I’ve seen bewildered Brexiters on Twitter, observing the encroaching doom of Brexit and opining that “this is what Remainers wanted”. The broadcaster Andrew Neil, who really should know better, tweeted the other day that “there are a number of diehard Remainers who would quite like the UK to break up, if only only to vindicate their claims that Britain would pay a terrible price for Brexit”. Does he really think that Remainers are so desperate to be proven right that we’d happily watch the country fall to bits?

We’ve already been proven right, time and time over. Yes, there are pro-Euro Scot Nats who (correctly) perceive Brexit as a catalyst for independence, but the desire for independence from a Brexit-benighted England isn’t about ‘vindication’, it’s the desire to escape the madness.

There’s a difference between predicting bad things and wanting bad things to happen.
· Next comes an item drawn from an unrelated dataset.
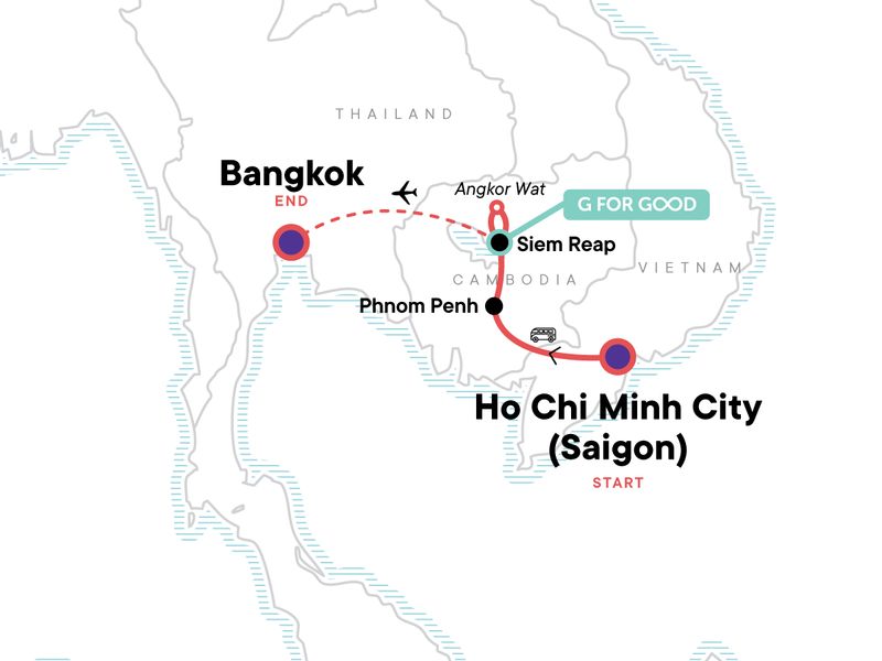 Explore exciting and fast-paced Ho Chi Minh City, discover the magnificence of Angkor Wat, savour an authentic Khmer meal at a social enterprise project

If a doctor tells you to quit smoking or you’ll get cancer, he isn’t hoping you get cancer, he’s simply flagging up the consequences of your actions.

I’ve mentioned this before; the whole “We won you lost get over it” mantra appears to based on the notion that Remainers were just sore because we’d lost the vote in 2016. We were upset, worried and angry that the vote had gone Leave because of the implications of that result, not just personally annoyed that we’d lost. But this was returned to again and again by the Brexit ultras because, it became more and more apparent, to them the important thing was that they’d won. The consequences of that victory didn’t seem to matter at all.

But here we are living with the consequences, in their early stages at least, and as we all predicted (again), the blame for Brexit’s disintegration is being heaped on us, the Germans, anyone other than those who wanted Brexit and made it happen.

At least the Brexiters’ mantra has changed: It’s no longer “we won, you lost, get over it”… It’s now “we won, and it’s all your fault”.